Paul Wagenseil is a senior editor at Tom's Guide focused on security and privacy. He has also been a dishwasher, fry cook, long-haul driver, code monkey and video editor. He's been rooting around in the information-security space for more than 15 years at FoxNews.com, SecurityNewsDaily, TechNewsDaily and Tom's Guide, has presented talks at the ShmooCon, DerbyCon and BSides Las Vegas hacker conferences, shown up in random TV news spots and even moderated a panel discussion at the CEDIA home-technology conference. You can follow his rants on Twitter at @snd_wagenseil.

  • HEXiT
    you just gotta laugh at these idiot, just because a service has a cutesy name doesn't mean its safe and secure... also what kind of idiot uploads personal pictures to a public storage site... for 1 you may want to delete them 1 day so you do and you think there gone... sorry what about the backups the server uses every day... like i said prize idiots...
    Reply
  • Nuckles_56
    The easiest way never to put those photos up there in the first place I would have thought...
    Reply
  • cats_Paw
    I love the part where he says "if you absolutely must nude selfies"... please, Define ABSOLUTELY MUST :D. (Earth gonna implode if you dont do it or something?).

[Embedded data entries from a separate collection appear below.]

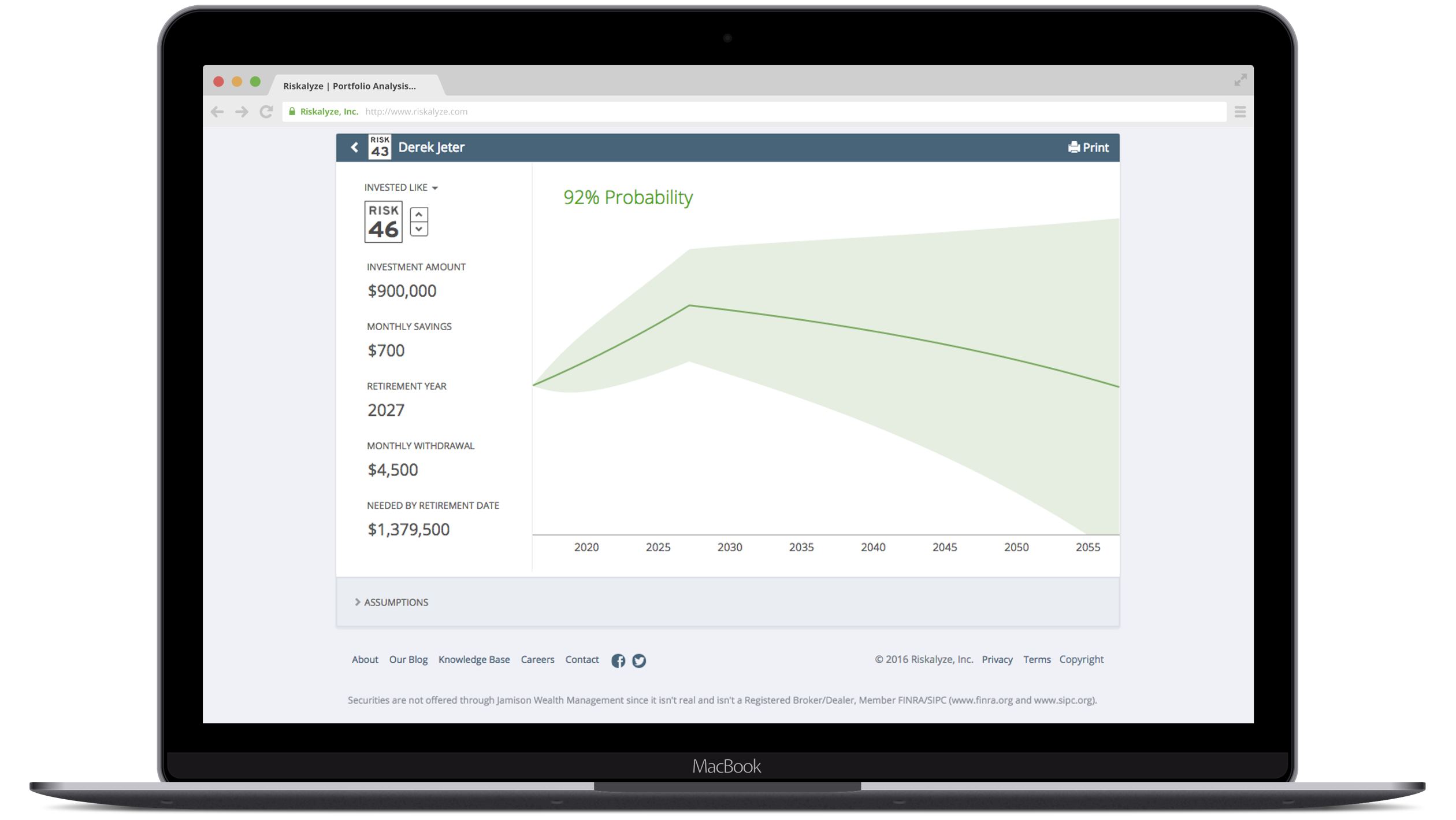 We can chart a path to retirement using a simple, intuitive approach on our Retirement Map Report. We’ll visualize the probability of a successful retirement and adjust in realtime.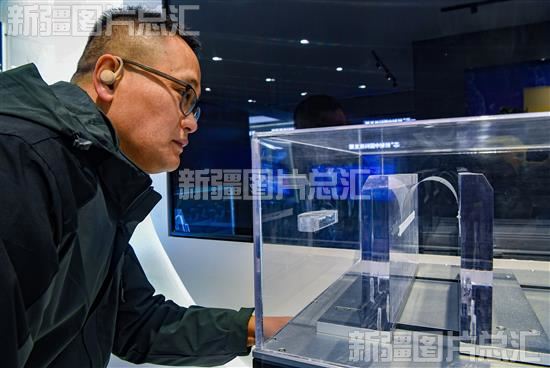 2023年12月26日,参观者在新疆腾宇光电科技有限公司观看超薄柔性电子玻璃(UTG)样品耐折实验。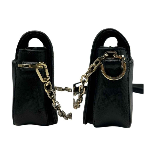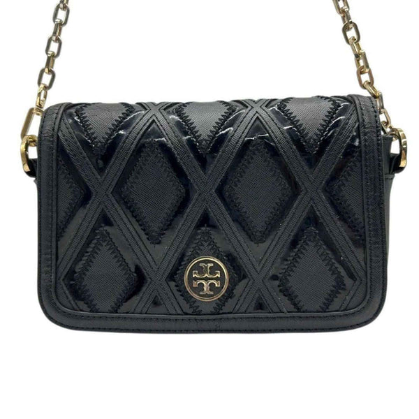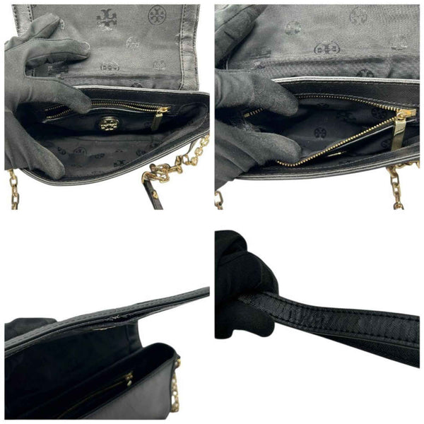 Tory Burch Fleming Shoulder Bag, Black Chain Leather Flap, Logo Plate, Gold Hardware, Clutch Handbag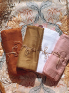 Available in Tiger Lily (rust), Marigold (mustard), Daisy (white), Cherry Blossom (pink) (order in picture)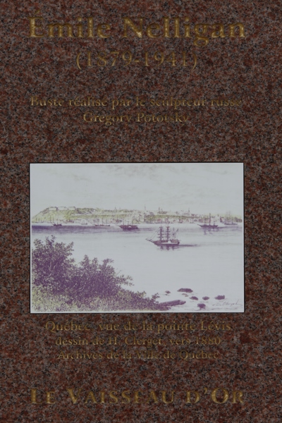 Cette oeuvre fait partie d'un duo de bustes qui témoignent de l’amitié qui unit depuis 2002 les villes de Québec et de Saint-Pétersbourg, toutes deux inscrites au patrimoine mondial de l’Unesco. Celle-ci représente le poète québécois Émile Nelligan, dont le célèbre poème Le vaisseau d’or est gravé sur le piédestal. L’autre honore le grand poète russe Alexandre Pouchkine.

    I do have to say that When I had a compromising picture, I kept it under a external HDD, with 3 layers of protection, hidden in a hidden folder, in a sea of fun/stupid pics (and I mean a SEA, it was at least 300 MB of files with the size of 400kb), mixed in a caotic amount of folders all named things like agsaefgae, or asgafefa, and never connected it to any PC that was online, past, present of future, unless a full format was performed first.

    And I STILL know a way that someone could have accessed it without breaking into my home.
    Paranoid? Yeah, Id say so, but at least I know those pics will never hit the internet (especially since they are long gone now).

    When you are young you might make the mistake of taking these sort of pics, but usually you grow smarter and delete them in a 3-5 year time. Obviously that requires to remember that you actually have pictures like that around.

    Reply
  • Paul Wagenseil
    cats_Paw, most of these people probably had no idea that their images would be automatically backed up to cloud services. They're not going to take the trouble of stashing the pics on an encrypted hard drive, no matter how much we tell them they should.
    Reply
  • Murissokah
    Maybe don't take any?
    Reply
  • dovah-chan
    http://puu.sh/biJE1/010a0b24c8.png I love you internet
    Reply
  • Christopher1
    The problem is that two-factor assumes that you have a smartphone. I don't, my parents did not until very recently, and most of my relatives do not (they have the cheap "Obama phones" that they bought and paid for because they are cheap and good).
    So, two-factor is not a solution. IP address filtering might be or geo-location filtering might be a good one.
    Reply
  • Christopher1
    IWhen you are young you might make the mistake of taking these sort of pics, but usually you grow smarter and delete them in a 3-5 year time. Obviously that requires to remember that you actually have pictures like that around.
    Why is it a 'mistake' to take these kind of pictures? Last I heard, the human body was a natural, normal and not obscene thing, clothed or not, except in the minds of the uber-religious.
    Maybe it is more time to normalize the taking of these kinds of pictures so that the blackmail and shaming thing disappears.